2. In the case of Chediak-Higashi disease, nearly half of the patients showed mental retardation, seizures, cerebellar ataxia and Parkinson's syndrome. Chronic polyneuropathy is the main manifestation.
3. Early-onset Huntington's chorea is 5 to 14 years old or as early as 1 to 4 years old, with a family history. Nearly 5% of Huntington's chorea is adolescent, with mental retardation, slow speech, strong muscles, small gait, increased flexion of limbs and trunk, and dance-hand and foot movement, occasionally Babinski sign. Some adolescent patients have no muscle rigidity, and seizures are more common in adult type. Behavioral abnormalities, violations and posture tensions, as well as myoclonus and cerebellar ataxia can occur. In the end, the patient can't speak, opening mouth, flexing his limbs, clenching his fists, and twisting his torso.

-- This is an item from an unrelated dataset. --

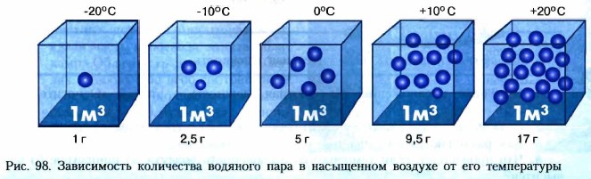 Какой воздух влажный, а какой — сухойКоличество водяного пара, которое может содержаться в воздухе, зависит от его температуры. Например, 1 м3 холодного воздуха при температуре около -10 °С может содержать максимально 2,5 г водяного пара. Но 1 м3 воздуха при температуре +20 °С может вместить до 17 г водяного пара (рис. 98).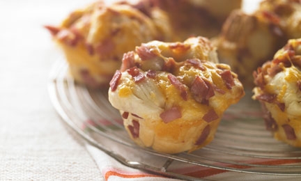 Instead of baking in muffin cups, spoon ham mixture into 8 mounds on baking sheet sprayed with cooking spray, then bake as directed.

4. The state of myelin (status dysmyelinatus) is an undetermined disease proposed by Vogt, and the myelinated fibers and nerve cells of the lenticular nucleus disappear. The performance of the extrapyramidal muscle is strong, and gradually develops hand and foot hyperkinesia. Eventually, the limb is weak or paralyzed, resulting in flexion deformity, often misdiagnosing Parkinson's disease.
5.Lafora-boby may have muscle rigidity, muscle shock, movement and tremor, and may have seizures and dementia.
6. Leigh disease is rare in clinical practice. Extrapyramidal muscle rigidity occurs gradually in children's late or adulthood. CT shows the formation of nucleus cavity.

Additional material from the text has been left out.